The categories of new studies, continuing reviews and amendments eligible for expedited review are described in the Federal regulations [specifically in 45CFR46.110 and in the publication of November 9, 1998 Categories of research That May Be Reviewed by the IRB Through an Expedited Review Procedure]. Copies of both are available in the IRB Office, BSB 2-71E.
Who can conduct research?
The principal investigator of a research study involving the use of human subjects must be a member of the faculty of Downstate Medical Center. Students doing human subject related studies must have a member of the faculty serve as principal investigator. The principal investigator will assume full responsibility for the study.
What constitutes a "conflict of interest" when carrying out industry sponsored clinical research?
In addition to adhering to the requirements of the Center's Conflict of Interest policy, there are circumstances, creating potential conflicts of interest, that may require disclosure to the potential study subjects through the Informed Consent process. Investigators should discuss with the IRB staff any potential conflict of interest issues before a protocol is prepared and submitted. While every possible situation cannot be identified and evaluated in advance, there are a few situations, listed below, that occur more frequently than others which must be disclosed.

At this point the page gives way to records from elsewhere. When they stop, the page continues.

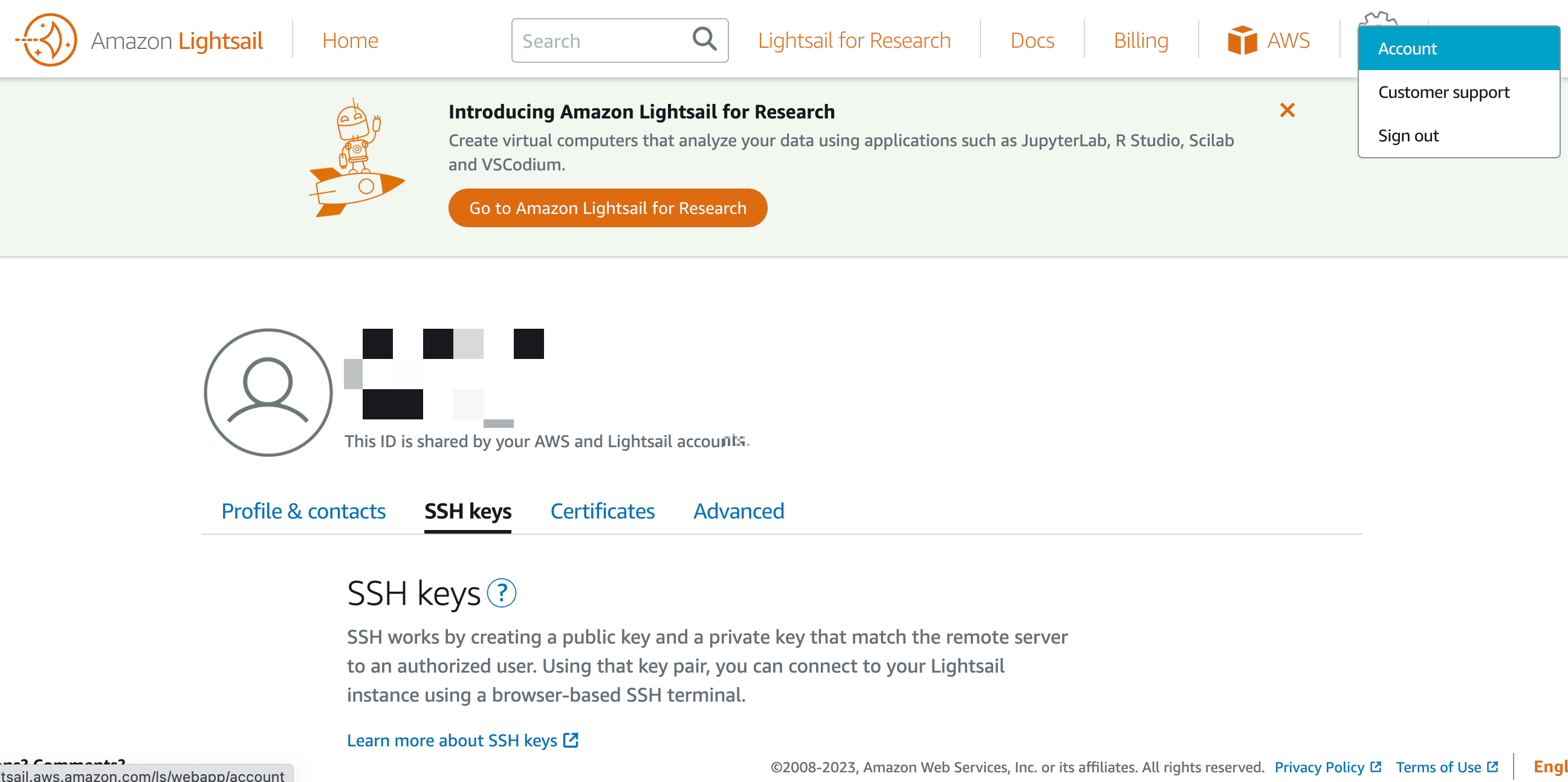 설정에 account를 들어가면 SSH keys가 있는 것을 볼 수 있다.
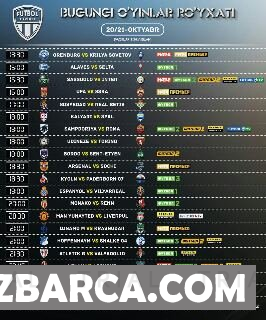 Bugungi o'yinlar va ularni translyatsiya qiladigan kanallar ro'yhati bilan tanishing!
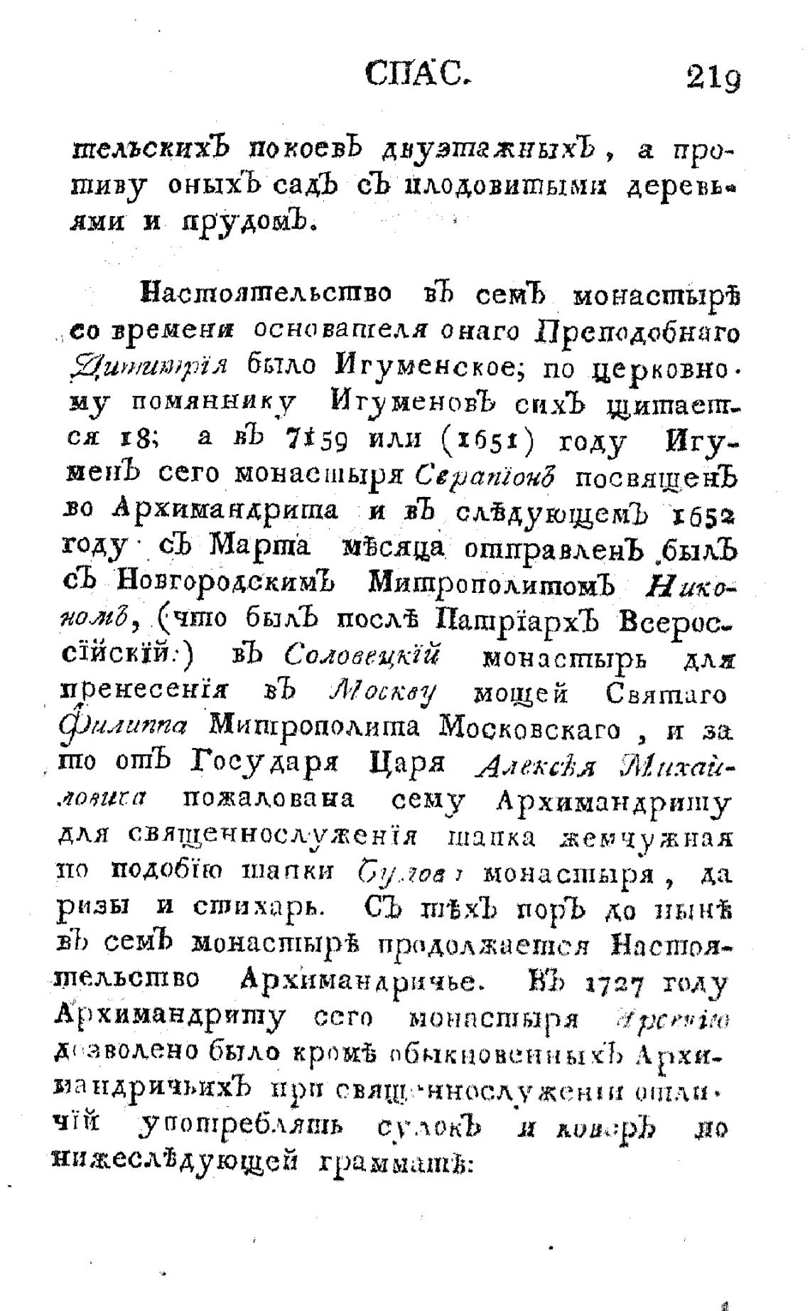 телъсптво Архимандричье. ВЪ 1727 голу

  • investigator has a relationship (e.g., as consultant, advisor, owner or shareholder) with a company sponsoring the investigator's study
  • investigator receives payment/reimbursement for travel or other expenses for which there is no scientific value (e.g., trip to the Bahamas vs. trip to a scientific conference)
  • investigator receives direct payments for study subject recruitment
How frequently must the protocol be reviewed and reapproved by the IRB?
The IRB may approve a study for a period of up to 12 months. A Continuing Review Progress Report must be submitted to the IRB in time for the Board to review and approve the protocol before the end of the current approval period. If approval is not received, for whatever reason, the study will be administratively suspended — patient accrual will not be permitted and any data generated during the period of the suspension may not be used for research purposes.
Are the approvals granted by the IRB always for one year?
The IRB may approve a study for any period of time up to 12 months. The IRB determines each time whether the study may be approved for the maximum period or for less time. Factors such as risk generally guide this decision.
Will the IRB Office remind me of the need to apply for continuing review of my study(s)?
The IRB Office usually sends our a reminder notice 60 days before the expiration date and a second notice 30 days before. However, it is the investigator's responsibility to remember to renew the study. The lack of a reminder notice is not an acceptable excuse when the renewal requirement is not met.
How do I communicate external adverse events in the case of a multi-center study?
The IRB Office provides forms to communicate external adverse events. All questions on the form must be answered. The form should be accompanied with the reports sent to the investigator by the study sponsor and with a typed summary of the event(s) and its (their) significance.
What is required to "close" the study?
A Continuing Review Progress Report, with the Final Report block checked, must be submitted to the IRB. The report should include a summary of the findings of the study, the numbers of subjects entered into the study and other information as may be required or appropriate.

Additional "frequently asked questions" regarding the use of human subjects in research will be added to this list as relevant and appropriate issues arise.